The generator supports 15 deployment configurations across 4 architecture families:

Architecture	Backends	Description
HTTP	flask, fastapi	Traditional ML models (sklearn, xgboost, tensorflow) with a Python web server
Transformers	vllm, sglang, tensorrt-llm, lmi, djl	LLM serving where the framework handles HTTP, batching, and model loading
Triton	fil, onnxruntime, tensorflow, pytorch, vllm, tensorrtllm, python	NVIDIA Triton Inference Server with model repository pattern
Diffusors	vllm-omni	Image generation models via vLLM's diffusion support

Each configuration is expressed as an architecture-backend string (e.g., transformers-vllm, triton-fil).

Deployment Targets¶

Target	Description
`managed-inference`	Real-time SageMaker endpoints
`async-inference`	Asynchronous endpoints with S3 input/output
`batch-transform`	Batch processing of datasets in S3
`hyperpod-eks`	Kubernetes deployment on SageMaker HyperPod EKS clusters

Generator Lifecycle¶

The CLI runs through four generation phases:

Initializing — Loads configuration from CLI, environment, config files, and MCP servers.

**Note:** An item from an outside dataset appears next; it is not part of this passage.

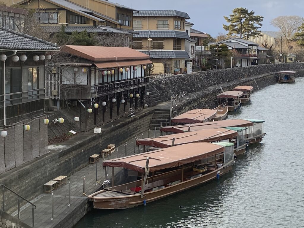 Un peu plus loin, au bord de la rivière Uji, nous traversons un site de pêche au Cormoran, pratiquée ici pour maintenir la tradition. Les oiseaux attrapent les poissons la nuit – ‘on éclaire la rivière pour les attirer – puis une fois leur gosier rempli, on leur fait recracher leur proie…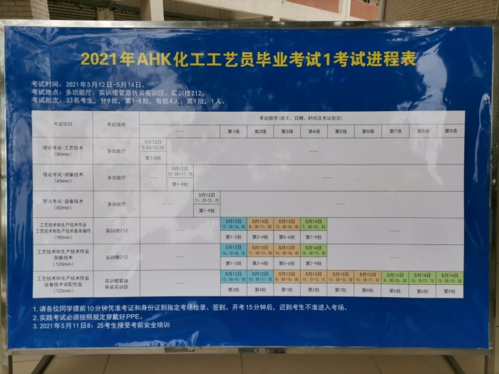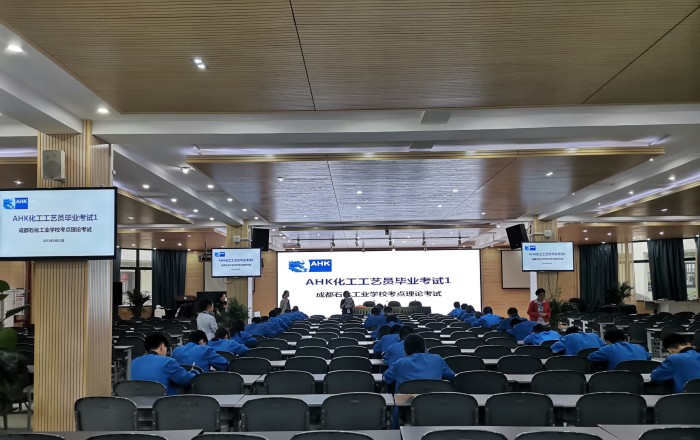 5月12日上午,在北校区多功能厅进行了《工艺技术》《测量技术》《设备技术》理论考试,AHK化工类专业考官、AHK工作人员一行三人亲临现场督考。

Checks for subcommands (bootstrap, registry, mcp).
Prompting — Collects user input in four phases: Infrastructure, Core ML, Modules, Project. Queries MCP servers for instance types, regions, base images, and models.
Writing — Validates the configuration, processes EJS templates, and generates the project with do-framework scripts.
Post-generate — Runs sample model training if requested, sets executable permissions.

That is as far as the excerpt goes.